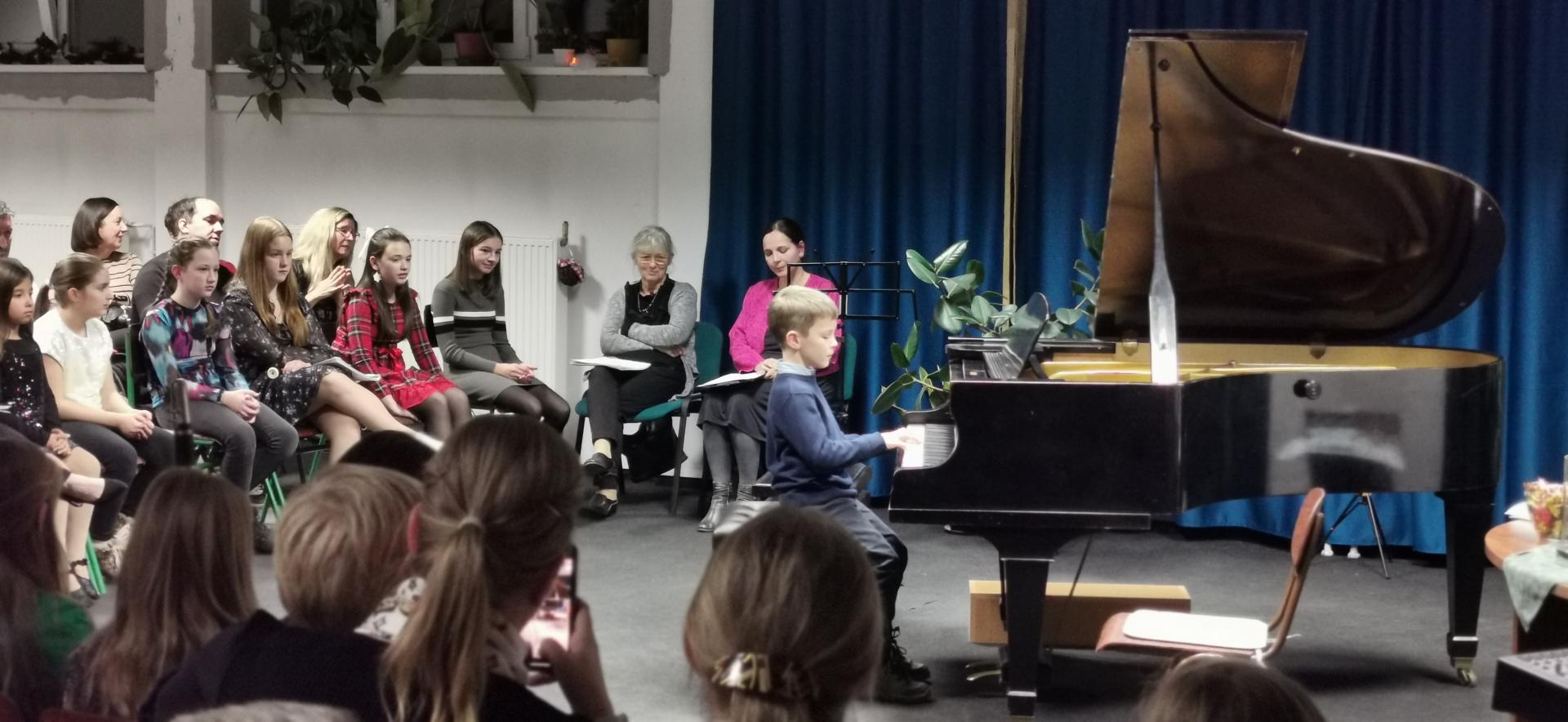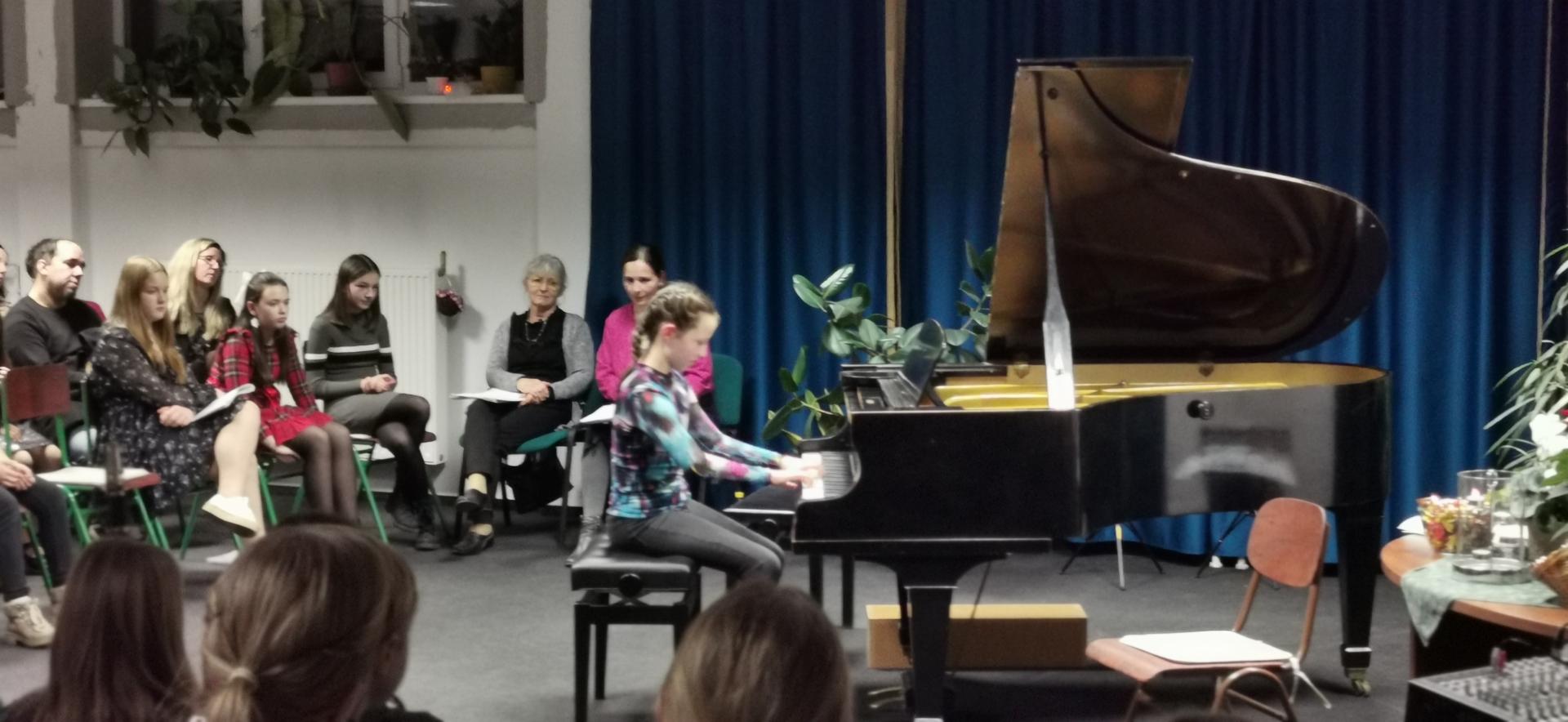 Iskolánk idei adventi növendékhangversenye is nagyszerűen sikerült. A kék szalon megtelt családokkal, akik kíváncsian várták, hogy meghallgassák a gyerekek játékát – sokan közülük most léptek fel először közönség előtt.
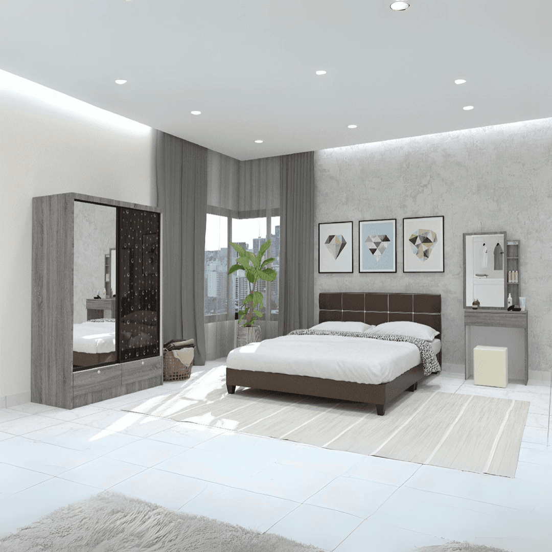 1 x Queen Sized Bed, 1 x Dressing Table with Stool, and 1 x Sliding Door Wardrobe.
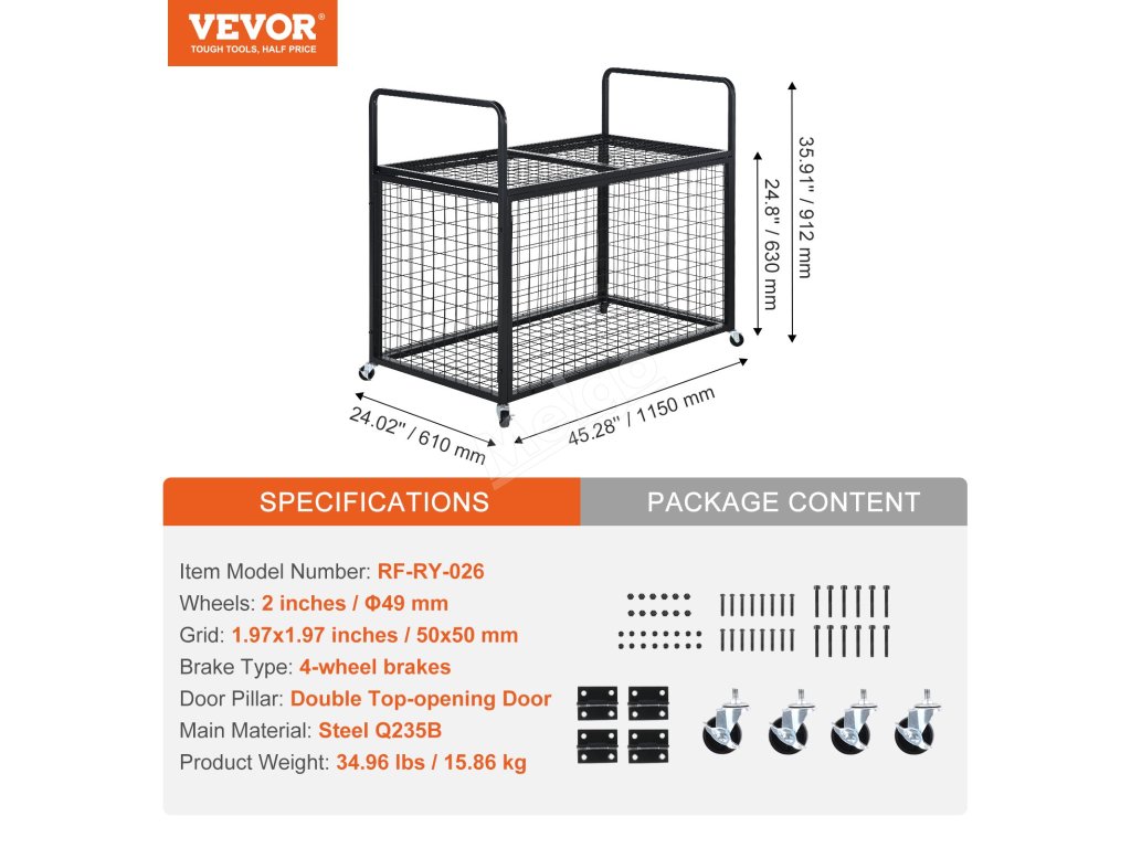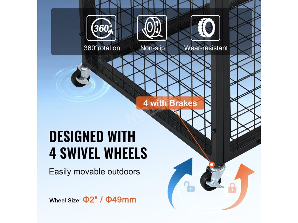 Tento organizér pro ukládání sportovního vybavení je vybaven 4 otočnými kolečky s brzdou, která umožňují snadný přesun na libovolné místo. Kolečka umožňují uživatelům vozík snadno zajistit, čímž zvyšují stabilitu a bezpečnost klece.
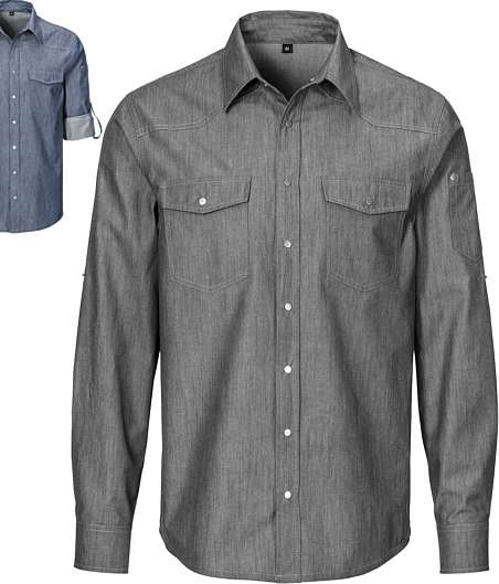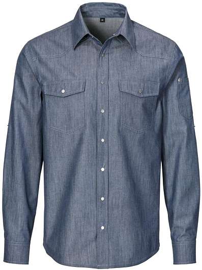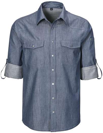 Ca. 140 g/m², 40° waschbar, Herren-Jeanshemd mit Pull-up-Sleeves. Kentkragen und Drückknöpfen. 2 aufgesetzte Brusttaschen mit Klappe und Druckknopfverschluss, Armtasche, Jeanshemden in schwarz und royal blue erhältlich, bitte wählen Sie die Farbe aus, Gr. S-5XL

**THE PROBLEM**
Print all the lines above exactly as they are, but without the pictures.

**RESULT OF THE EXERCISE**
 Iskolánk idei adventi növendékhangversenye is nagyszerűen sikerült. A kék szalon megtelt családokkal, akik kíváncsian várták, hogy meghallgassák a gyerekek játékát – sokan közülük most léptek fel először közönség előtt.
 1 x Queen Sized Bed, 1 x Dressing Table with Stool, and 1 x Sliding Door Wardrobe.
 Tento organizér pro ukládání sportovního vybavení je vybaven 4 otočnými kolečky s brzdou, která umožňují snadný přesun na libovolné místo. Kolečka umožňují uživatelům vozík snadno zajistit, čímž zvyšují stabilitu a bezpečnost klece.
 Ca. 140 g/m², 40° waschbar, Herren-Jeanshemd mit Pull-up-Sleeves. Kentkragen und Drückknöpfen. 2 aufgesetzte Brusttaschen mit Klappe und Druckknopfverschluss, Armtasche, Jeanshemden in schwarz und royal blue erhältlich, bitte wählen Sie die Farbe aus, Gr. S-5XL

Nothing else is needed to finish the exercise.